Founded in 1962 as the Stanford Linear Accelerator Center, the facility is located on 426 acres (1.72 square kilometers) of Stanford University-owned land on Sand Hill Road in Menlo Park, California—just west of the University's main campus. The main accelerator is 2 miles long—the longest linear accelerator in the world—and has been operational since 1966.

Research at SLAC has produced three Nobel Prizes in Physics:

SLAC's meeting facilities also provided a venue for the Homebrew Computer Club and other pioneers of the home computer revolution of the late 1970s and early 1980s.

In 1984 the laboratory was named a ASME National Historic Engineering Landmark and an IEEE Milestone.[7]

SLAC developed and, in December 1991, began hosting the first WWW server outside of Europe.[8]

In the early-to-mid 1990s, the Stanford Linear Collider (SLC) investigated the properties of the Z boson using the Stanford Large Detector.

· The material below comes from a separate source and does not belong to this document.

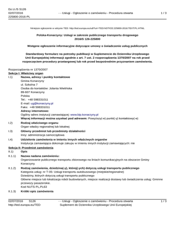 Dz.U./S S126 02/07/2016 225800-2016-PL - - Usługi - Ogłoszenie o zamówieniu - Procedura otwarta 1/3 Niniejsze ogłoszenie w witrynie TED: http://ted.europa.eu/udl?uri=TED:NOTICE:225800-2016:TEXT:PL:HTML Polska-Konarzyny: Usługi w zakresie publicznego transportu drogowego 2016/S 126-225800 Wstępne ogłoszenie informacyjne dotyczące umowy o świadczenie usług publicznych Standardowy formularz na potrzeby publikacji w Suplemencie do Dziennika Urzędowego Unii Europejskiej informacji zgodnie z art. 7 ust. 2 rozporządzenia 1370/2007 na rok przed rozpoczęciem procedury przetargowej lub rok przed bezpośrednim przyznaniem zamówienia. Rozporządzenia nr 1370/2007 Sekcja I: Właściwy organ I.1) Nazwa, adresy i punkty kontaktowe Gmina Konarzyny ul. Szkolna 7 Osoba do kontaktów: Jolanta Wielińska 89-607 Konarzyny Polska Tel.: +48 598331011 E-mail: [email protected] Faks: +48 598331011 Adresy internetowe: Ogólny adres instytucji zamawiającej: www.bip.konarzyny.pl Więcej informacji można uzyskać pod adresem: Powyższy(-e) punkt(-y) kontaktowy(-e) I.2) Rodzaj właściwego organu Organ władzy regionalnej lub lokalnej I.3) Główny przedmiot lub przedmioty działalności Inny: administracja samorządowa I.4) Udzielenie zamówienia w imieniu innych właściwych organów Instytucja zamawiająca dokonuje zakupu w imieniu innych instytucji zamawiających: nie Sekcja II: Przedmiot zamówienia II.1) Opis II.1.1) Nazwa nadana zamówieniu: Organizowanie publicznego transportu zbiorowego na liniach komunikacyjnych na obszarze Gminy Konarzyny. II.1.2) Rodzaj zamówienia, dziedzina(-y), której(-ych) dotyczą usługi transportu publicznego Kategoria usług: nr T-05: Usługi transportu autobusowego (miejskie/regionalne) Dziedziny, których dotyczą usługi transportu publicznego Główne miejsce lub lokalizacja robót budowlanych, miejsce realizacji dostawy lub świadczenia usług: Gminne przewozy pasażerskie. Kod NUTS PL,PL63 II.1.3) Krótki opis zamówienia 02/07/2016 S126 http://ted.europa.eu/TED - - Usługi - Ogłoszenie o zamówieniu - Procedura otwarta Suplement do Dziennika Urzędowego Unii Europejskiej 1/3 Dz.U./S S126 02/07/2016 225800-2016-PL - - Usługi - Ogłoszenie o zamówieniu - Procedura otwarta 2/3 Przedmiotem zamówienia będzie świadczenie usług w zakresie publicznego transportu zbiorowego na terenie Gminy Konarzyny. Planowane usługi będą obejmowały transport drogowy,przewóz o charakterze użyteczności publicznej w publicznym transporcie zbiorowym na liniach komunikacyjnych linia 1 Konarzyny, Konarzynki, Ciecholewy, Ciecholewy Osady, Ciecholewy, Konarzynki, Konarzyny linia 2 Konarzyny, Konarzynki, Zielona Huta, Żychce Osada Leśna ,Jonki, Zielona Chocina, Nierostowo, Binduga ,Kiełpin, Nowa Karczma, Rowista, Żychce, Żychckie Osady, Konarzyny inia 3 Konarzyny, Żychckie Osady, Żychce, Żychckie Osady, Konarzyny linia 4 Jaranty, Zielona Chocina, Jonki – Żychce Osada Leśna, Zielona Huta, Konarzynki, Konarzyny, Konarzynki, Ciecholewy Linia 5 Ciecholewy, Konarzynki, Konarzyny, Żychckie Osady, Żychce, Rowista, Nowa Karczma, Kiełpin, Binduga, Nierostowo, Jaranty. Świadczenie usług w zakresie publicznego transportu zbiorowego na terenie Gminy Konarzyny w skali roku nie przekracza 50 000 pojazdokilometrów. II.1.4) Wspólny Słownik Zamówień (CPV) 60112000 II.1.5) Informacje na temat podwykonawstwa Przewidywane jest zlecenie podwykonawstwa: nie II.2) Ilość i/lub wartość usług: Świadczenie usług w zakresie publicznego transportu zbiorowego na terenie Gminy Konarzyny w skali roku nie przekracza 50 000 kilometrów. km usług publicznych w zakresie transportu pasażerskiego: 50000 II.3) Planowana data rozpoczęcia i czas trwania zamówienia lub termin realizacji Rozpoczęcie: 30.1.2017 Okres w miesiącach: 24 (od udzielenia zamówienia) II.4) Krótki opis rodzaju i zakresu robót budowlanych Sekcja III: Informacje o charakterze prawnym, ekonomicznym, finansowym i technicznym III.1) Warunki dotyczące zamówienia III.1.1) Parametry kosztów w celu obliczenia rekompensaty: III.1.2) Informacje o wyłącznych prawach: Przyznano wyłączne prawa: nie III.1.3) Podział przychodów ze sprzedaży biletów: III.1.4) Standardy socjalne: III.1.5) Zobowiązania do świadczenia usług publicznych: III.1.6) Inne szczególne warunki: III.2) Warunki udziału III.2.1) Zdolność ekonomiczna i finansowa III.2.2) Wymagania techniczne III.3) Cele w zakresie jakości dla umów o usługi Sekcja IV: Procedura IV.1) Rodzaj procedury Otwarta IV.2) Kryteria udzielenia zamówienia IV.2.1) Kryteria udzielenia zamówienia IV.2.2) Informacje na temat aukcji elektronicznej 02/07/2016 S126 http://ted.europa.eu/TED - - Usługi - Ogłoszenie o zamówieniu - Procedura otwarta Suplement do Dziennika Urzędowego Unii Europejskiej 2/3 Dz.U./S S126 02/07/2016 225800-2016-PL - - Usługi - Ogłoszenie o zamówieniu - Procedura otwarta IV.3) Informacje administracyjne IV.3.1) Numer referencyjny: IV.3.2) Warunki uzyskania specyfikacji i dokumentów dodatkowych IV.3.3) Termin składania ofert lub wniosków o dopuszczenie do udziału w postępowaniu 15.1.2017 IV.3.4) Języki, w których można sporządzać oferty lub wnioski o dopuszczenie do udziału w postępowaniu polski. IV.3.5) Minimalny okres, w którym oferent będzie związany ofertą IV.3.6) Warunki otwarcia ofert 3/3 Sekcja VI: Informacje uzupełniające VI.1) Informacje dodatkowe: VI.2) Procedury odwoławcze VI.2.1) Organ odpowiedzialny za procedury odwoławcze VI.2.2) Składanie odwołań VI.2.3) Źródło, gdzie można uzyskać informacje na temat składania odwołań VI.3) Ogłoszenie o udzieleniu zamówienia: VI.4) Data wysłania niniejszego ogłoszenia: 30.6.2016 02/07/2016 S126 http://ted.europa.eu/TED - - Usługi - Ogłoszenie o zamówieniu - Procedura otwarta Suplement do Dziennika Urzędowego Unii Europejskiej 3/3

As of 2005, SLAC employs over 1,000 people, some 150 of which are physicists with doctorate degrees, and serves over 3,000 visiting researchers yearly, operating particle accelerators for high-energy physics and the Stanford Synchrotron Radiation Laboratory (SSRL) for synchrotron light radiation research,[3] which was "indispensable" in the research leading to the 2006 Nobel Prize in Chemistry.[9]

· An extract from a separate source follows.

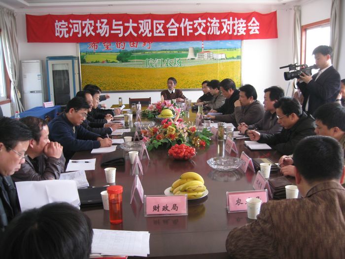 “皖江城市带承接产业转移为区场合作发展带来了新机遇!”“区场再度携手有了天时、地利和人和,合作大有可为……”3月17日下午,安徽省皖河农场与大观区合作交流对接会正在农场东楼会议室里进行着,与会人员热议场区合作共谋发展的新思路,新举措,会议室里充满了“议合作、商共建、谋发展”的浓厚氛围。安徽省安庆市大观区区长刘文俊兴奋地说:“这次会议是场区合作正式启动的标志性会议,合作发展前景广阔,搞产业承接转移我们可以先行先试,边干边总结!”

In October 2008, the Department of Energy announced that the Center's name would be changed to SLAC National Accelerator Laboratory. The reasons given include a better representation of the new direction of the lab and the ability to trademark the laboratory's name. Stanford University had legally opposed the Department of Energy's attempt to trademark "Stanford Linear Accelerator Center".[1][10]

Components

SLAC 1.9 mile (3 kilometer) long Klystron Gallery above the beamline Accelerator

Accelerator

The main accelerator is an RF linear accelerator that can accelerate electrons and positrons up to 50 GeV. At 2.0 miles (about 3.2 kilometers) long, the accelerator is the longest linear accelerator in the world, and is claimed to be "the world's straightest object."[11] The main accelerator is buried 30 feet (about 10 meters) below ground[12] and passes underneath Interstate Highway 280. The above-ground klystron gallery atop the beamline is the longest building in the United States.

SLC pit and detector

Stanford Linear Collider

The Stanford Linear Collider was a linear accelerator that collided electrons and positrons at SLAC. The center of mass energy was about 90 GeV, equal to the mass of the Z boson, which the accelerator was designed to study. Grad student Barrett D. Milliken discovered the first Z event on 12 April 1989 while poring over the previous day's computer data from the Mark II detector.[13] The bulk of the data was collected by the Stanford Large Detector, which came online in 1991. Although largely overshadowed by the Large Electron-Positron Collider at CERN, which began running in 1989, the highly polarized electron beam at SLC (close to 80%) made certain unique measurements possible.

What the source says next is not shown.